#### INFORMATION PROVIDED

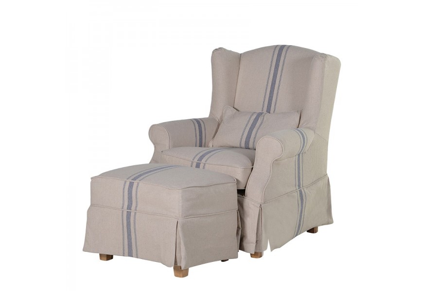 Štýlové vidiecke kreslo s podnožkou Benicia 100cm
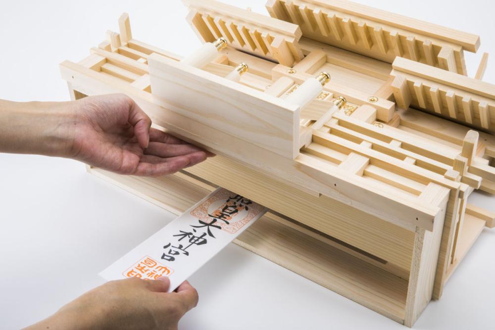 20年毎に行われる伊勢神宮 式年遷宮の外宮に使用されるいる銘木「東濃桧」 この神棚は東濃桧を贅沢に使用し製作されております。 扉などの金具には真鍮製の本金具を贅沢に使用しており自然な金色の輝きを放っています。 御神札は底部のスライド板を動かしてお収めください
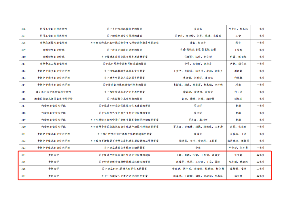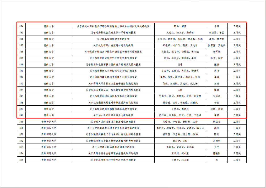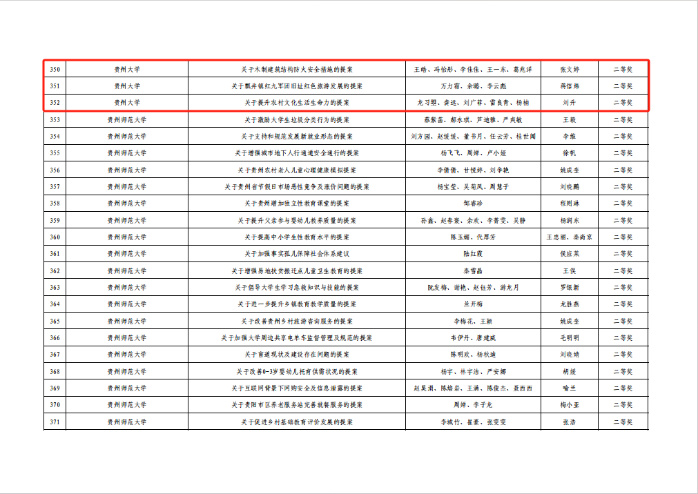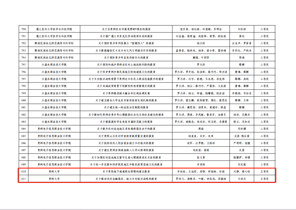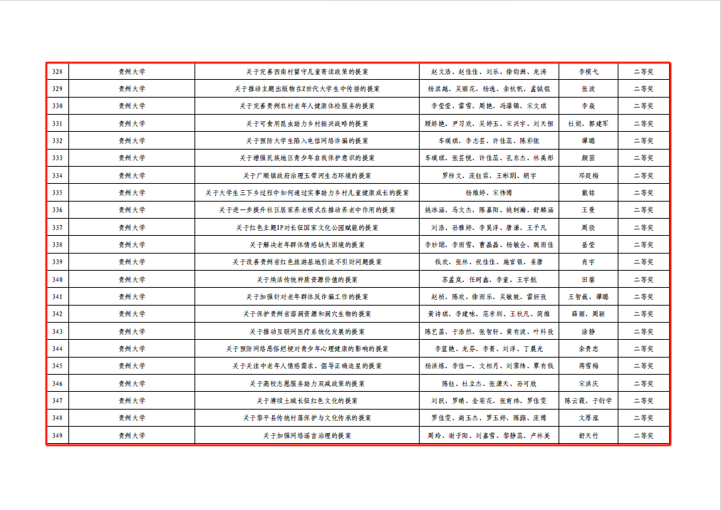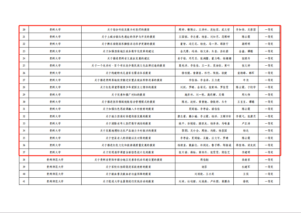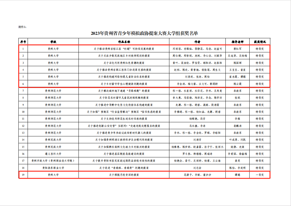 团委网站讯 近日,由共青团贵州省委、贵州省政协提案委及贵州省学生联合会共同举办的2023年贵州省青少年模拟政协提案大赛结果出炉。我校获评“优秀组织单位”,推选的提案作品获特等奖6项,一等奖19项,二等奖29项,三等奖39项。
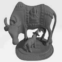 This imagery is found across most households in India. To the Hindu, the cow symbolizes all other creatures. The cow is a symbol of the Earth, the nourisher, the ever-giving, undemanding provider. The cow represents life and the sustenance of life. The cow is so generous, taking nothing but water, grass and grain. It gives more than it takes, as does the liberated soul give of his spiritual knowledge. The cow is considered a symbol of grace and abundance in Hindu culture. Veneration of the cow instils in Hindus the virtues of gentleness, receptivity and connectedness with nature.
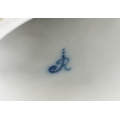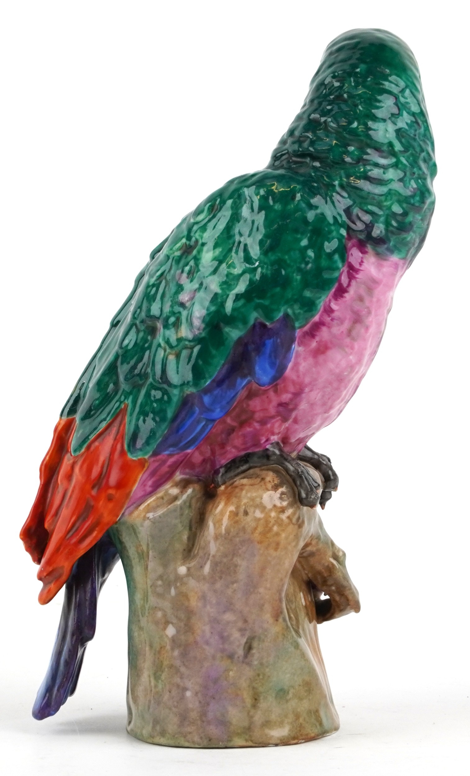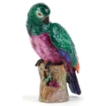 A Meissen style porcelain parrot perched on a branch, under glazed R mark to the base, 27cm high.
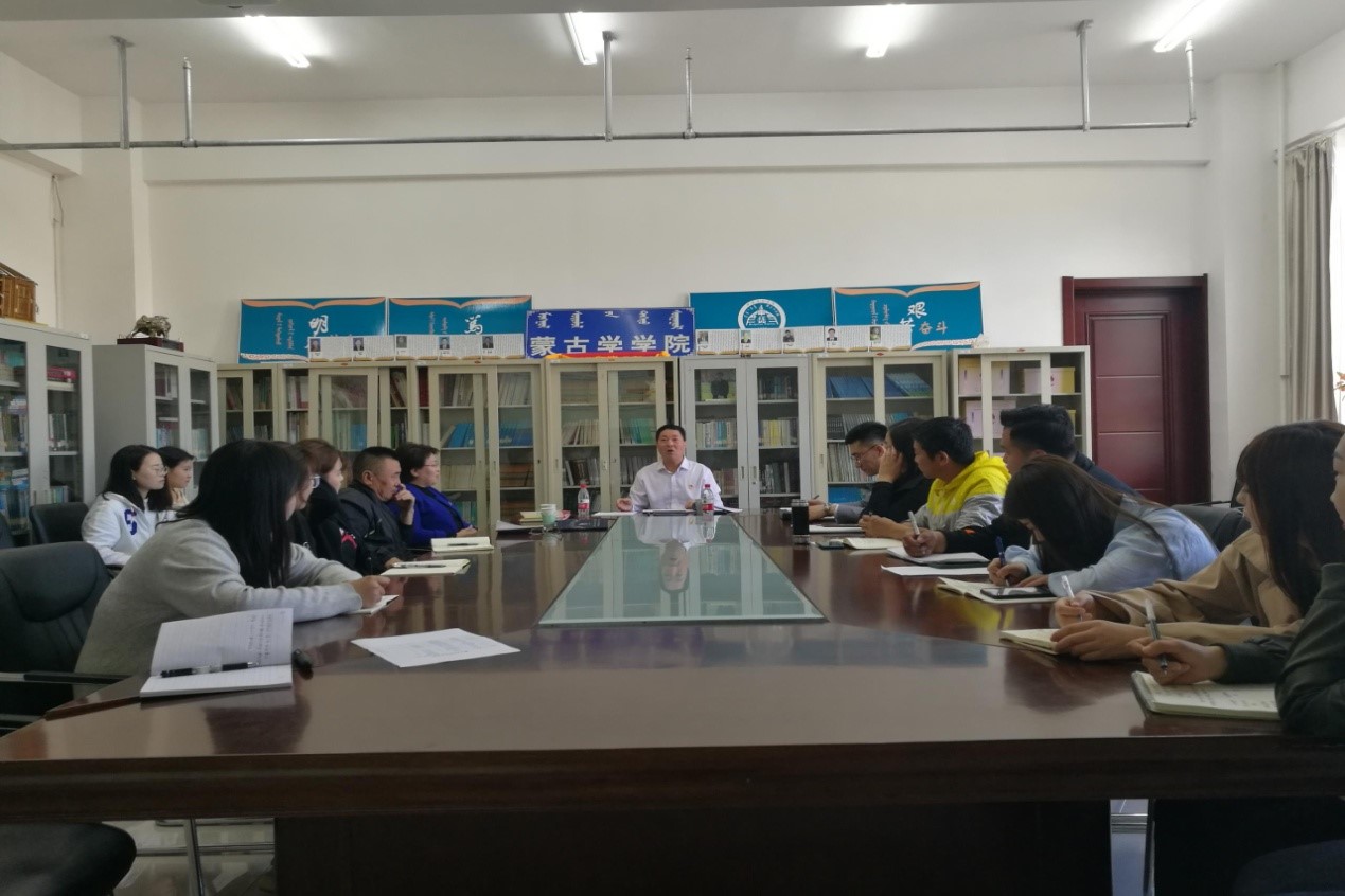 按照學(xué)校黨史學(xué)習(xí)教育安排和要求,5月20日下午,學(xué)校黨委委員、副校長烏云達(dá)來在崇文樓B座307會議室講授專題黨課。蒙古學(xué)學(xué)院師生黨員、部分重點積極分子參加。蒙古學(xué)學(xué)院黨總支書記烏云主持黨課。
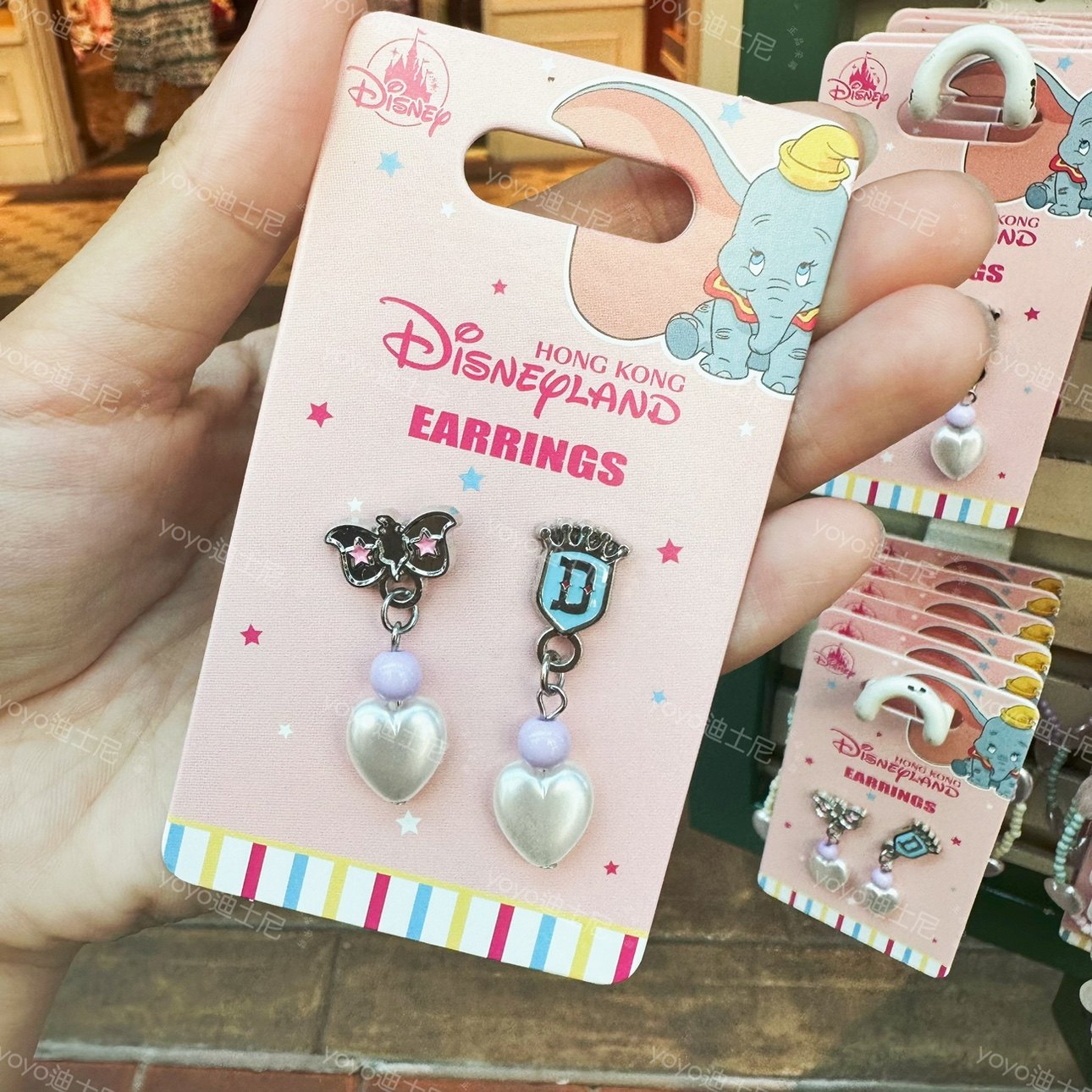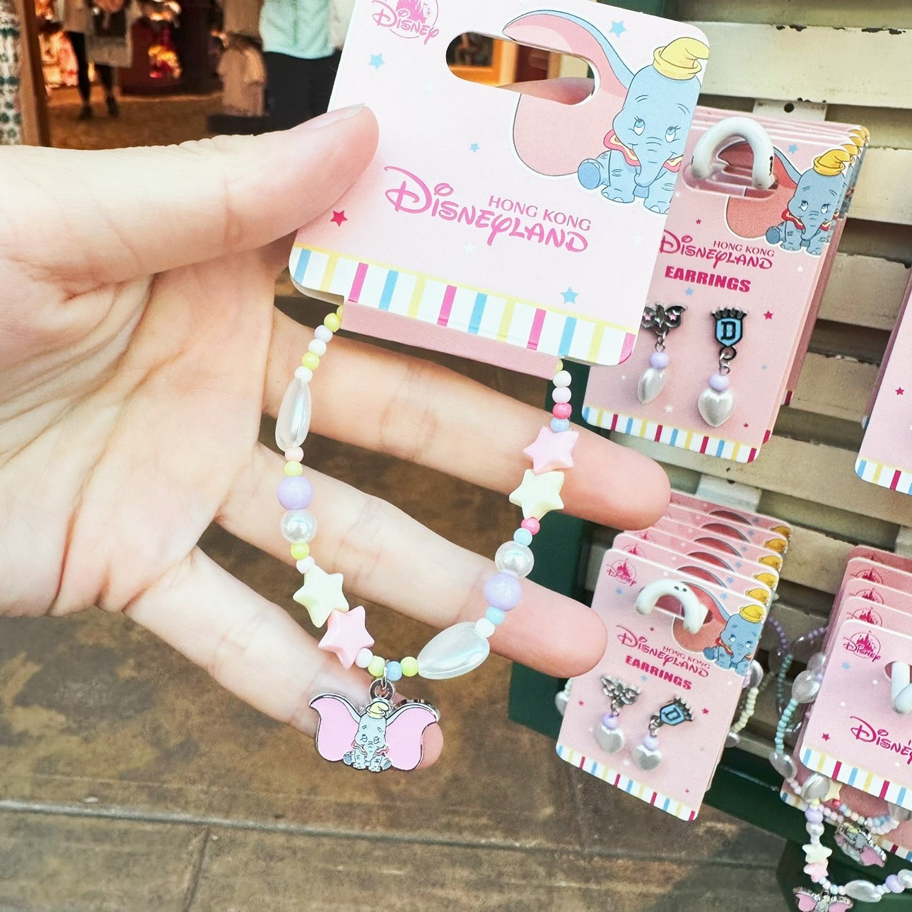 香港迪士尼 2023小飞象 丹波 可爱卡通穿珠珠吊坠耳钉 手链配饰
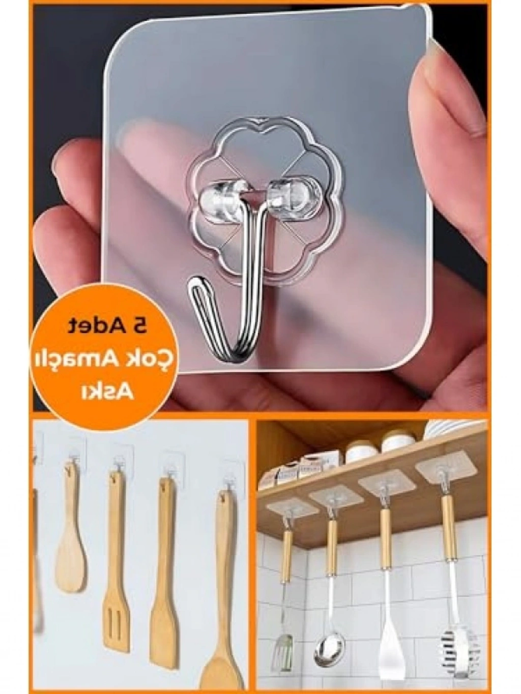 Bu set, 5 adet güçlü şeffaf duvar askısından oluşmaktadır. Yapışkan vantuzları sayesinde çeşitli yüzeylere kolayca yapıştırılabilir, mutfak veya banyo gibi alanlarda rahatlıkla kullanılabilir. Dayanıklı yapısı ile uzun süreli kullanım sunar. Eşyalarınızı düzenli bir şekilde saklamak için mükemmel bir çözümdür. Ergonomik tasarımı sayesinde kullanım kolaylığı sağlar.
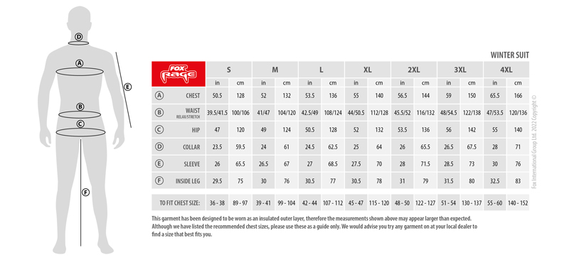 Noul costum de iarna ce reprezinta o versiune imbunatatita a modelului popular Fox Rage Winter Suit, va asigura mereu protectie impotriva frigului si a intemperiilor. Este compus din doua piese distincte: geaca si salopeta, ambele avand factor de impermeabilitate 5000mm si un coeficient de respirabilitate de 3000 g/m². Atat jacheta cat si salopeta sunt captusite cu fleece pentru izolare termica excelenta, oferind in acelasi timp libertate totala de miscare (chiar si in timp ce stati asezat pe scaun) in timpul partidelor de pescuit.

########

PROBLEM DESCRIPTION.
Exactly as they stand, set down all of the entries above, minus every picture.

COMPLETED EXERCISE.
 Štýlové vidiecke kreslo s podnožkou Benicia 100cm
 20年毎に行われる伊勢神宮 式年遷宮の外宮に使用されるいる銘木「東濃桧」 この神棚は東濃桧を贅沢に使用し製作されております。 扉などの金具には真鍮製の本金具を贅沢に使用しており自然な金色の輝きを放っています。 御神札は底部のスライド板を動かしてお収めください
 团委网站讯 近日,由共青团贵州省委、贵州省政协提案委及贵州省学生联合会共同举办的2023年贵州省青少年模拟政协提案大赛结果出炉。我校获评“优秀组织单位”,推选的提案作品获特等奖6项,一等奖19项,二等奖29项,三等奖39项。
 This imagery is found across most households in India. To the Hindu, the cow symbolizes all other creatures. The cow is a symbol of the Earth, the nourisher, the ever-giving, undemanding provider. The cow represents life and the sustenance of life. The cow is so generous, taking nothing but water, grass and grain. It gives more than it takes, as does the liberated soul give of his spiritual knowledge. The cow is considered a symbol of grace and abundance in Hindu culture. Veneration of the cow instils in Hindus the virtues of gentleness, receptivity and connectedness with nature.
 A Meissen style porcelain parrot perched on a branch, under glazed R mark to the base, 27cm high.
 按照學(xué)校黨史學(xué)習(xí)教育安排和要求,5月20日下午,學(xué)校黨委委員、副校長烏云達(dá)來在崇文樓B座307會議室講授專題黨課。蒙古學(xué)學(xué)院師生黨員、部分重點積極分子參加。蒙古學(xué)學(xué)院黨總支書記烏云主持黨課。
 香港迪士尼 2023小飞象 丹波 可爱卡通穿珠珠吊坠耳钉 手链配饰
 Bu set, 5 adet güçlü şeffaf duvar askısından oluşmaktadır. Yapışkan vantuzları sayesinde çeşitli yüzeylere kolayca yapıştırılabilir, mutfak veya banyo gibi alanlarda rahatlıkla kullanılabilir. Dayanıklı yapısı ile uzun süreli kullanım sunar. Eşyalarınızı düzenli bir şekilde saklamak için mükemmel bir çözümdür. Ergonomik tasarımı sayesinde kullanım kolaylığı sağlar.
 Noul costum de iarna ce reprezinta o versiune imbunatatita a modelului popular Fox Rage Winter Suit, va asigura mereu protectie impotriva frigului si a intemperiilor. Este compus din doua piese distincte: geaca si salopeta, ambele avand factor de impermeabilitate 5000mm si un coeficient de respirabilitate de 3000 g/m². Atat jacheta cat si salopeta sunt captusite cu fleece pentru izolare termica excelenta, oferind in acelasi timp libertate totala de miscare (chiar si in timp ce stati asezat pe scaun) in timpul partidelor de pescuit.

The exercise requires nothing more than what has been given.